= Exercise description =
Go through the listing and set it down exactly, leaving out its pictures.

= Data =
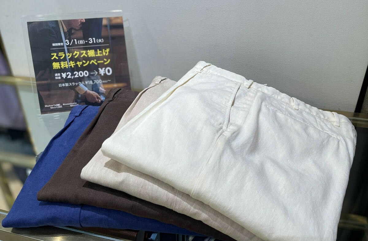 2026年3月1日(日)~2026年3月31日(火)まで、 全店でスラックス裾上げ無料キャンペーンを開催しております!
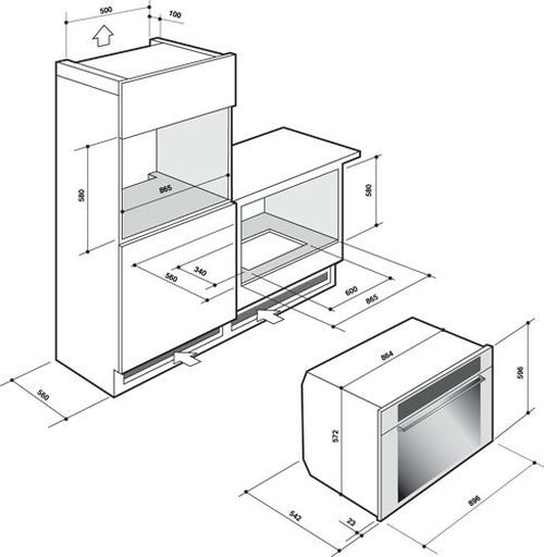 Les dimensions des fours encastrables sont pour la plupart standard: la largeur est de 60 cm, la profondeur est comprise entre 50 et 55 cm. La hauteur dans la taille intérieure est également d'environ 55 cm, et dans l'extérieur - 60 cm. Les fours ayant la fonction d'un four à micro-ondes, leur hauteur varie de 36 à 55 cm.
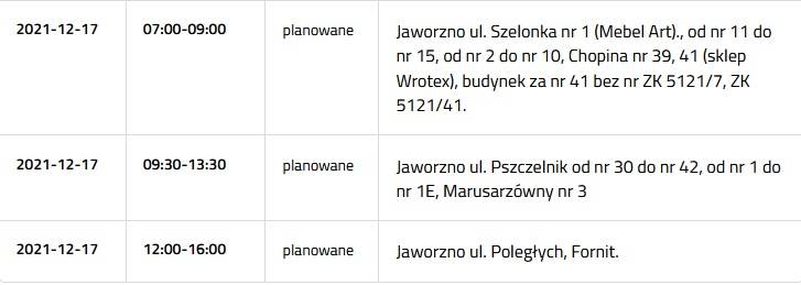 Przerwa w dostawie prądu 17 grudnia 2021

= Exercise answer =
 2026年3月1日(日)~2026年3月31日(火)まで、 全店でスラックス裾上げ無料キャンペーンを開催しております!
 Les dimensions des fours encastrables sont pour la plupart standard: la largeur est de 60 cm, la profondeur est comprise entre 50 et 55 cm. La hauteur dans la taille intérieure est également d'environ 55 cm, et dans l'extérieur - 60 cm. Les fours ayant la fonction d'un four à micro-ondes, leur hauteur varie de 36 à 55 cm.
 Przerwa w dostawie prądu 17 grudnia 2021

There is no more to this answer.